Aim of the task | Your task is to output the listing exactly, leaving every image out.

Dataset content |
::::

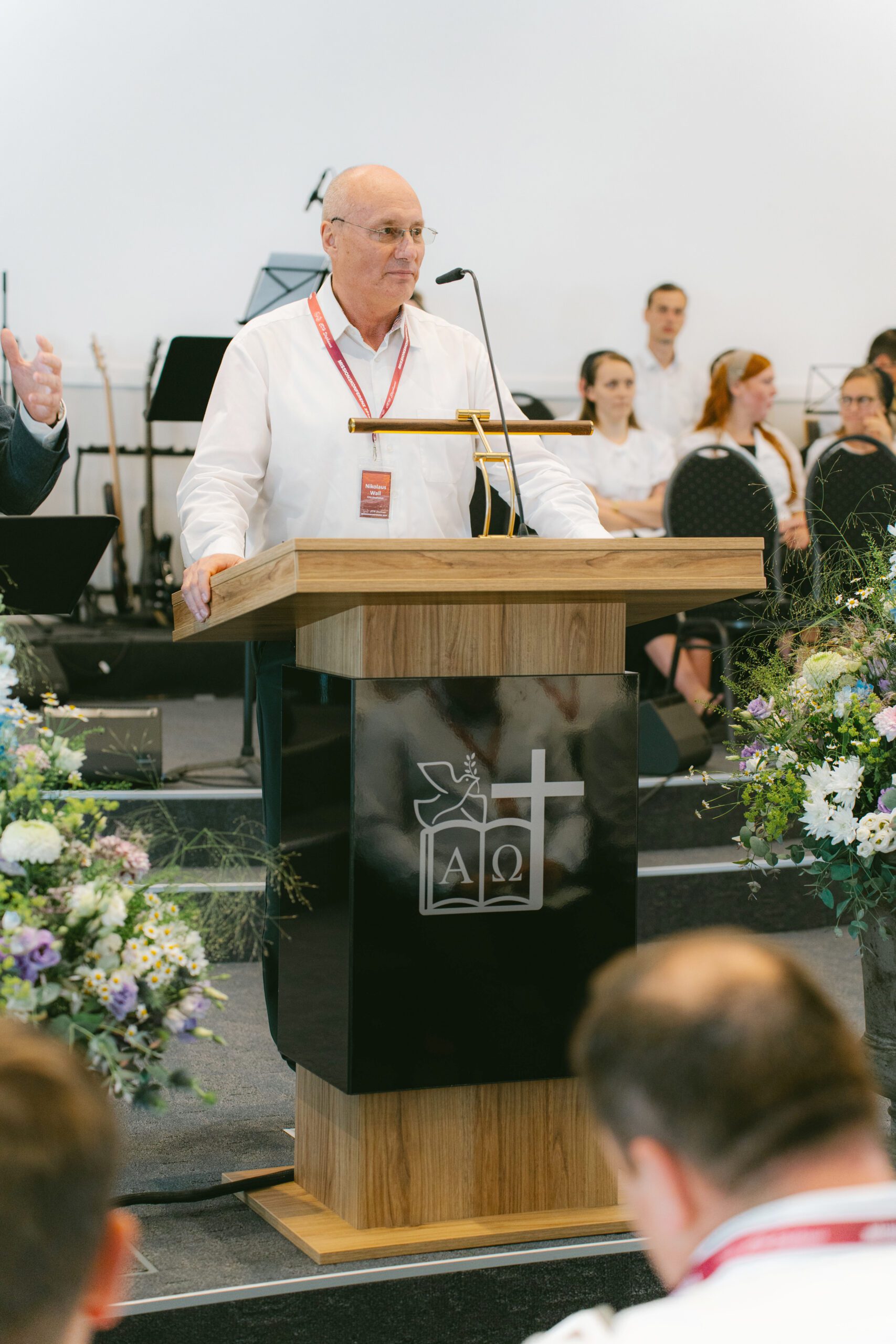 Nach weiteren Berichten sprach Viktor Witt, Pastor aus Cloppenburg, das Schlusswort. Er betonte, wie wichtig es sei, in der Tat – also ganz praktisch – zu lieben. Das beginne zu Hause, indem Eltern ihren Kindern bewusst Zeit schenken, solange diese noch im Elternhaus leben. Jeder hat im Alltag seine Möglichkeiten, Liebe zu zeigen. Und wie Jesus sollten wir immer den ersten Schritt tun – und nicht darauf warten, dass er von außen kommt.
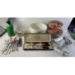 A mixed box of mainly kitchenalia to include an intriguing white metal single swinging-handle oval box fully padded and lined with pink velvet (must have contained something precious at one time), a very large enamel roaster (approx 40cm long), a soda syphon, a very large white ceramic pudding bowl, silver plated tableware and cutlery
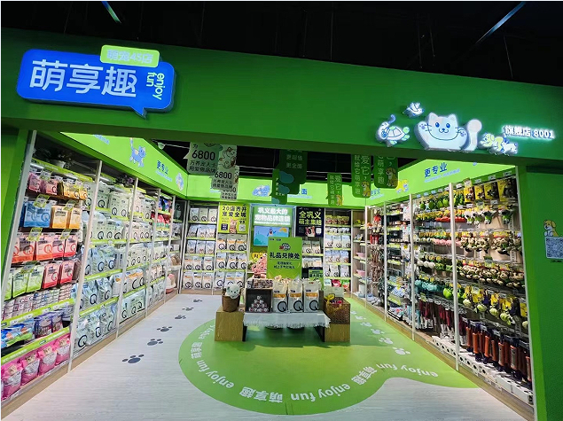 小型店主要在便利店业态落地,以单个货架或者端头形式呈现,主要满足宠物日常消耗品需求,陈列萌享趣精选主粮、零食、用品类等商品。
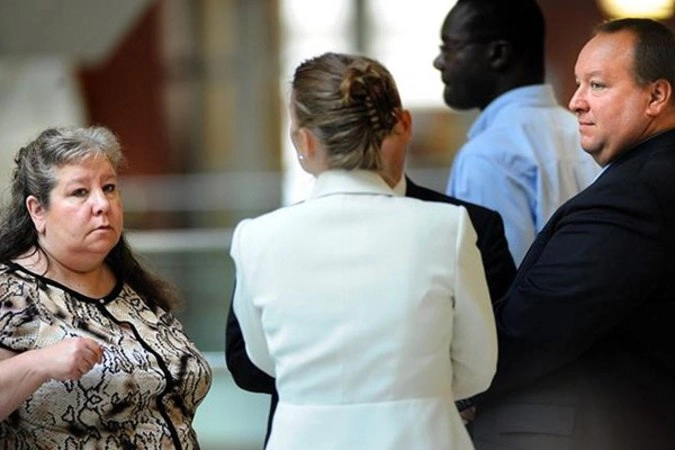 Линда (крайняя слева) и Джозеф (крайний справа) Мэйотты перед залом суда. © milforddailynews.com

::::

Solution |
 Nach weiteren Berichten sprach Viktor Witt, Pastor aus Cloppenburg, das Schlusswort. Er betonte, wie wichtig es sei, in der Tat – also ganz praktisch – zu lieben. Das beginne zu Hause, indem Eltern ihren Kindern bewusst Zeit schenken, solange diese noch im Elternhaus leben. Jeder hat im Alltag seine Möglichkeiten, Liebe zu zeigen. Und wie Jesus sollten wir immer den ersten Schritt tun – und nicht darauf warten, dass er von außen kommt.
 A mixed box of mainly kitchenalia to include an intriguing white metal single swinging-handle oval box fully padded and lined with pink velvet (must have contained something precious at one time), a very large enamel roaster (approx 40cm long), a soda syphon, a very large white ceramic pudding bowl, silver plated tableware and cutlery
 小型店主要在便利店业态落地,以单个货架或者端头形式呈现,主要满足宠物日常消耗品需求,陈列萌享趣精选主粮、零食、用品类等商品。
 Линда (крайняя слева) и Джозеф (крайний справа) Мэйотты перед залом суда. © milforddailynews.com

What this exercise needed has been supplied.